WHAT IS EXPECTED -
All pictures must be left out as you transcribe the lines from the first line of the data to the line containing "Super tasses de", both included.

INPUT DATA -

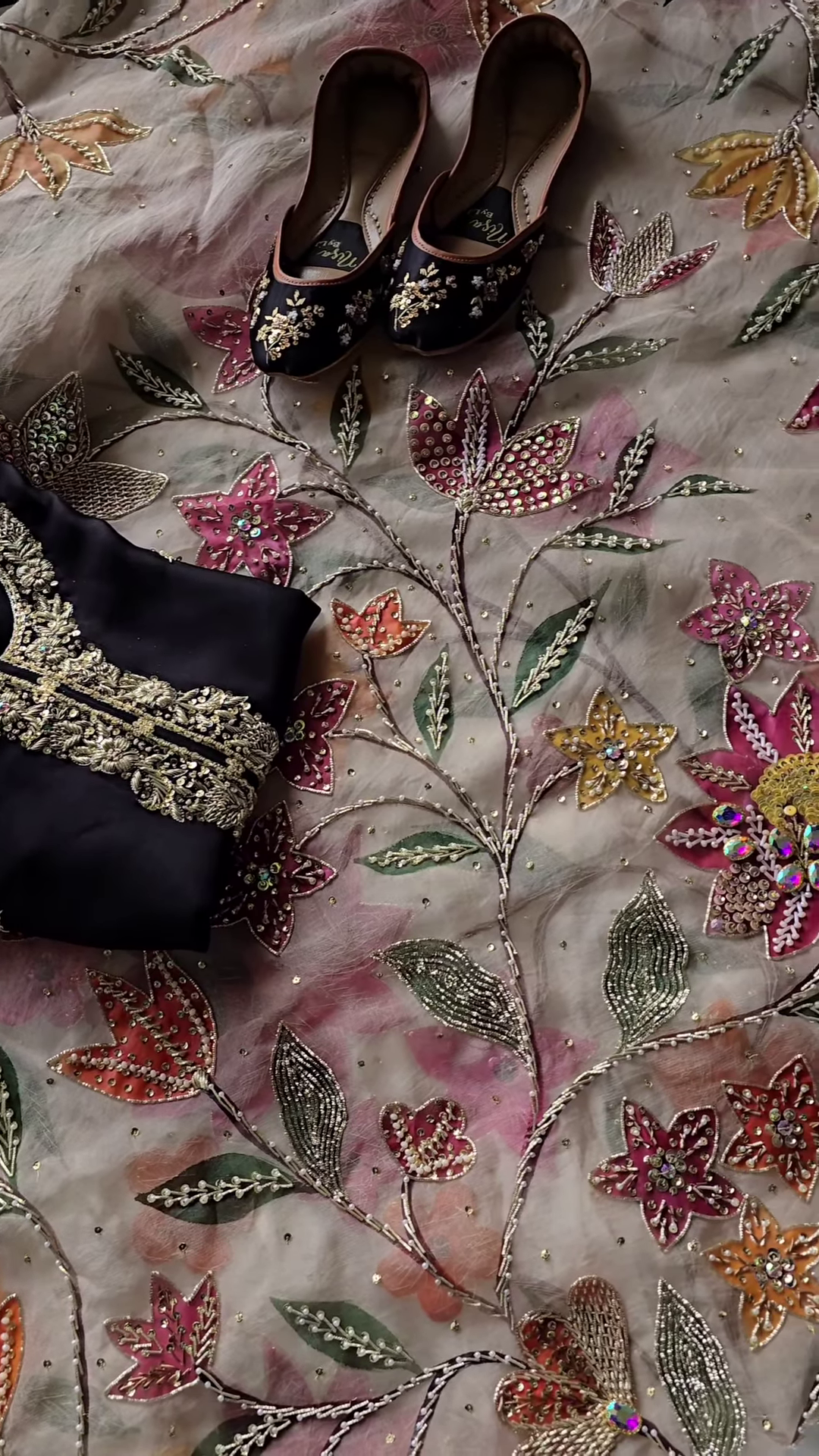 Artisan Embroidery: Handcrafted gold embellishments with dazzling sequin details.
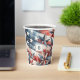 Super tasses de papier monogramme. L'avant et l'arrière de ces gobelets spéciaux sont festifs, rouge, blanc et bleu (représentation décorative de certains symboles américains). Utilisez le modèle pour customiser. Ajoutez le monogramme ou l'original désiré.
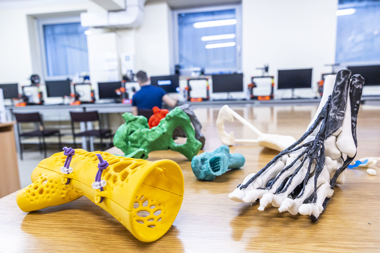 Badania naukowe związane z medycyną zdrowiem i jakością życia wpisują się w najnowsze trendy rozwoju nauki, i jednocześnie należą do obszaru innowacyjnych specjalizacji województwa podkarpackiego w zakresie podniesienia jakości życia. Realizowane w międzyuczelnianych zespołach prace badawcze dają możliwość szybszego powrotu do zdrowia pacjentów, którzy wymagają operacji wynikających z doznanych urazów czy zmian chorobowych, w tym nowotworowych. Istotnym elementem omawianych procesów inżynierii medycznej jest diagnostyka obrazowa i analiza danych medycznych pozwalająca na wykonywanie trójwymiarowych modeli numerycznych będących podstawą do wytwarzania modeli metodą druku 3D. Proces obróbki i analizy danych determinuje dokładność geometryczną oraz lokalizację zmian chorobowych i urazowych, dodatkowo pozwala na odpowiednią separację tkanek miękkich, twardych czy zmian patologicznych w celu wytworzenia modelu wizualnego i fizycznego.
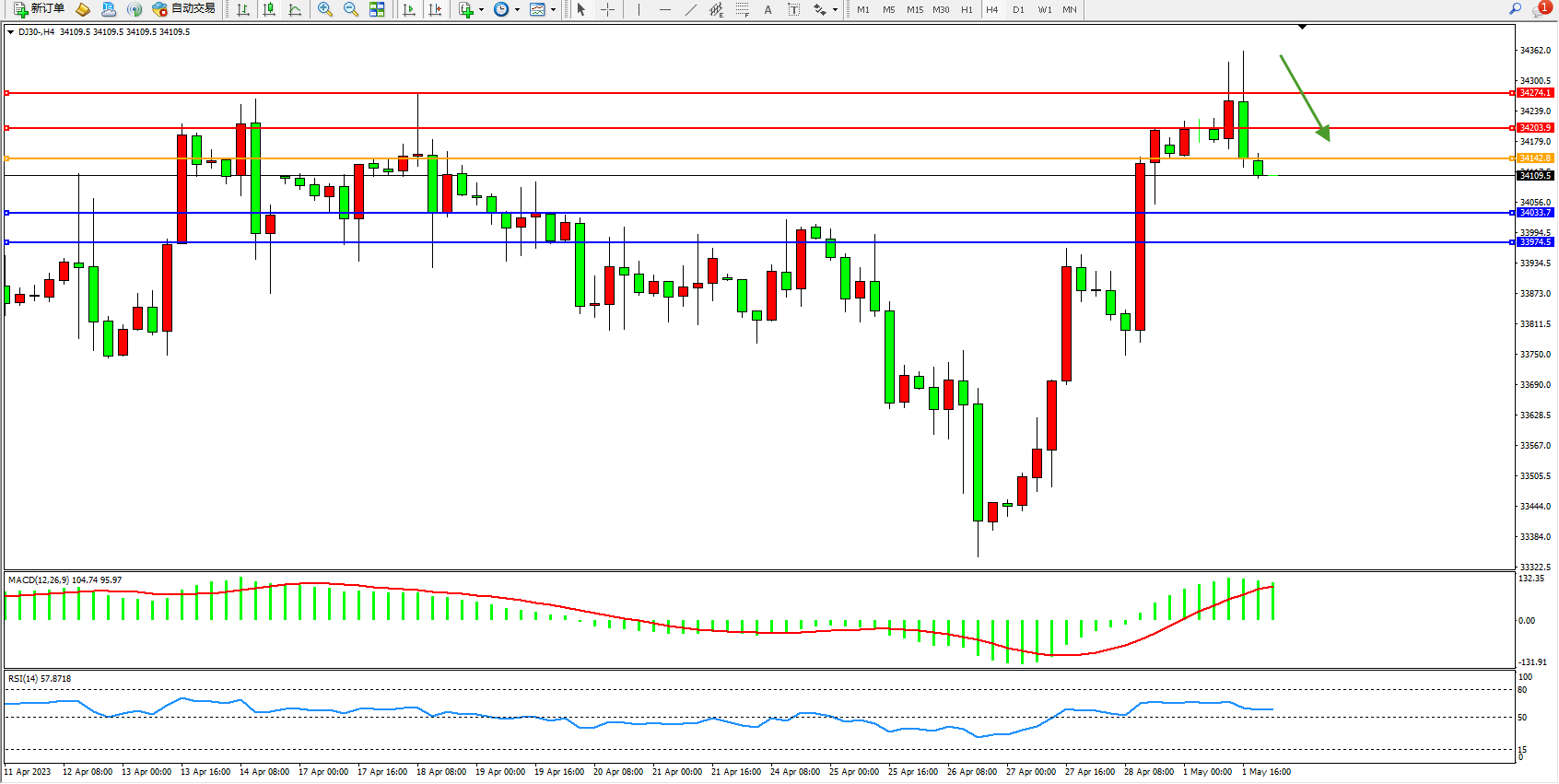道琼斯指数DJ30——4小时K线图显示:

REPLY TO THE TASK -
 Artisan Embroidery: Handcrafted gold embellishments with dazzling sequin details.
 Super tasses de papier monogramme. L'avant et l'arrière de ces gobelets spéciaux sont festifs, rouge, blanc et bleu (représentation décorative de certains symboles américains). Utilisez le modèle pour customiser. Ajoutez le monogramme ou l'original désiré.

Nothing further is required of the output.